During the Corona crisis: Mark Zuckerberg complains about censorship attempts by the US government

During the Corona crisis: Mark Zuckerberg complains about censorship attempts by the US government

Mark Zuckerberg, founder and CEO of Facebook’s parent company Meta, felt under massive pressure during the coronavirus pandemic, from the US government led by President Joe Biden. This is at least what emerges from a letter from Meta’s CEO to Republican Jim Jordan that has now been made public and which was also shared by X owner Elon Musk – a supporter of Donald Trump – on Tuesday night.

“In 2021,” Zuckerberg recalls in the letter, “senior officials repeatedly pressured our teams for months to censor certain COVID-19 content.” This included “humor and satire,” Zuckerberg says. The decision as to whether and, if so, which content was taken offline ultimately rested with Meta. However, the company made some of the decisions under external pressure.

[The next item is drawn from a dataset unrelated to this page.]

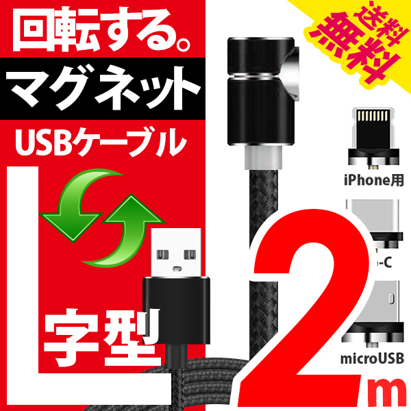 - iphone/android 用 L字マグネット スマホ 充電 ケーブル TYPE-C/MicroUSB/iPhone 3種類のアダプタセット 2m ゲームに ネコポス 送料無料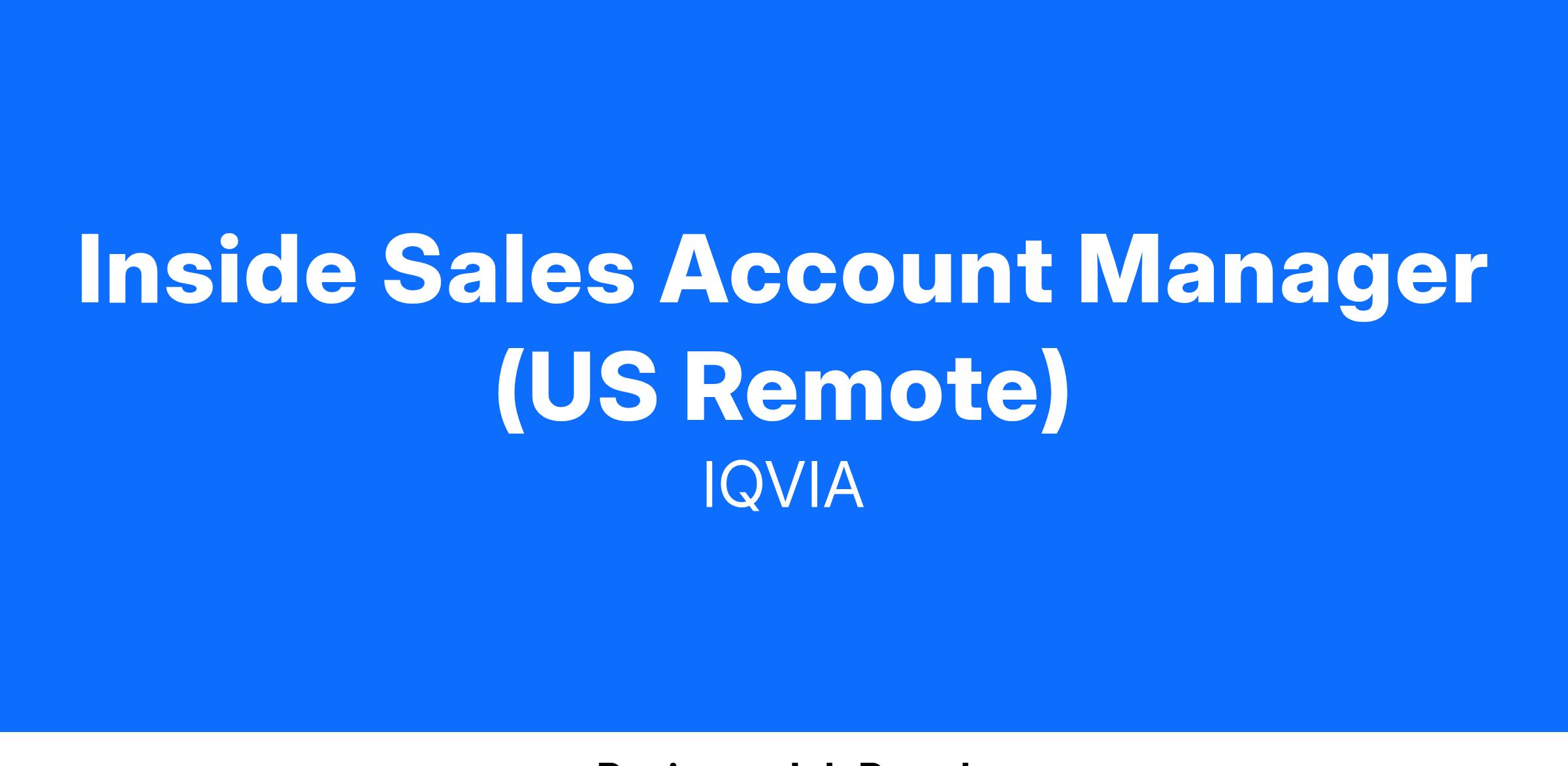 As a valuable member of the Inside Sales Team, focus on outbound calling with the objective of booking product demonstrations and closing business for our commercial solutions. This contributes directly to top line revenue growth and also IQVIA, to enhance prospective relationships and increase the volume of quality customer touch points. This position is fully remote/home based in US.

Not all of them were good in retrospect, Zuckerberg now says: “I also think that we made some decisions that, in hindsight and with new information, we would no longer make today.”

Zuckerberg also alludes to a story from 2020. Back then, before the US elections, the US secret service FBI warned of a Russian disinformation campaign about Joe Biden’s family. When a corresponding story appeared in the New York Post, Facebook commissioned “fact checkers” to check the story for plausibility. In the meantime, the ability to spread the story was restricted.

“In retrospect,” Zuckerberg now says, “we shouldn’t have downgraded the story.” As a result, the company changed its own policy on this matter. Today, there are no limits on the reach of stories that are still being investigated by the company’s own fact checkers. In the podcast by Joe Rogan Zuckerberg had already commented on this in 2022.